Soft Granular Particles Sheared at a Controlled Volume: Rate-dependent dynamics and the solid-fluid transition
J.-C. Tsai, M.-R. Chou, P.-C. Huang, H.-T. Fei

TL;DR
This study investigates the rate-dependent behavior and solid-fluid transition of soft hydrogel particles under shear at controlled volume fractions, revealing different flow regimes and a power-law relation near jamming.
Contribution
It introduces experimental methods combining internal imaging and stress measurements to analyze the soft particle suspension's transition and dynamics across jamming.
Findings
Identification of rate-dependent transition in particle settling behavior.
Verification of power-law scaling of stress near jamming with exponent ~2.
Demonstration of multiple relaxation timescales in soft particle dynamics.
Abstract
We study the responses of fluid-immersed soft hydrogel spheres that are sheared under controlled volume fractions.

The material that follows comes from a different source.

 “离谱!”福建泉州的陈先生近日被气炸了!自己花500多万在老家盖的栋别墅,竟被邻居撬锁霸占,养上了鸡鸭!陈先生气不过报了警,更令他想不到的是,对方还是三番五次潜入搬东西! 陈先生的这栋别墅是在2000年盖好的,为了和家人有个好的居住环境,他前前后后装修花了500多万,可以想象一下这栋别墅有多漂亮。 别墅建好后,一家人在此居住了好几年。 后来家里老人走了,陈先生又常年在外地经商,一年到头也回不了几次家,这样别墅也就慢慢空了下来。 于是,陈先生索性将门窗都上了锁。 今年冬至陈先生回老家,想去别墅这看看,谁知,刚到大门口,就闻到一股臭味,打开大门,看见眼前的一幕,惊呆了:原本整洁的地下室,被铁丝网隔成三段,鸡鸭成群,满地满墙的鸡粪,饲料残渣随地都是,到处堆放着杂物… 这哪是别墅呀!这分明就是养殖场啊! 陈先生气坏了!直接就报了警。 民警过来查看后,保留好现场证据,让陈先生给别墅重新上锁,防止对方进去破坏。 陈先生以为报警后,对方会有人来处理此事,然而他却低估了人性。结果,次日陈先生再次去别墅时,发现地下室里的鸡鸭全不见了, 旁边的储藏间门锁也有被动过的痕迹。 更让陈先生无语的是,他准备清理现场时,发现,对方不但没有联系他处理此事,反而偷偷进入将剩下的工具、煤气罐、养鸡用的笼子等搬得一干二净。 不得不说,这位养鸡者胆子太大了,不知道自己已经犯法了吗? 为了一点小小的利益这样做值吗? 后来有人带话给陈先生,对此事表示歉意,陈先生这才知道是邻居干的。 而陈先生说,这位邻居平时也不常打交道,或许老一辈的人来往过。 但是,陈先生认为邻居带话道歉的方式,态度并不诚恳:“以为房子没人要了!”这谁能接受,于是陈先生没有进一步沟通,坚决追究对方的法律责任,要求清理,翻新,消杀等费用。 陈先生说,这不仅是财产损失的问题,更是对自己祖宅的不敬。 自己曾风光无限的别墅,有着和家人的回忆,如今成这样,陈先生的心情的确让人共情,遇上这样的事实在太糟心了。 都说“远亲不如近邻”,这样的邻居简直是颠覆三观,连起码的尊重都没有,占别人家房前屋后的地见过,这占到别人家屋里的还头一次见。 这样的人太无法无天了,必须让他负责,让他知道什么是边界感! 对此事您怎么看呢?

Slippery, deformable particles along with the density-matched interstitial fluid are sandwiched between two opposing rough cones, allowing studies for a wide range of volume fraction both above and below the jamming of granular suspension. We utilize sudden cessations of shearing, accompanied by refraction-matched internal imaging, to supplement the conventional flow-curve measurements. At sufficiently high volume fractions, the settling of particles after the cessations exhibits a continuous yet distinct transition over the change of shear rate. Such changes back out the qualitative difference in the state of flowing prior to the cessations: the quasi-static yielding of a tightly packed network, as opposed to the rapid sliding of particles mediated by the…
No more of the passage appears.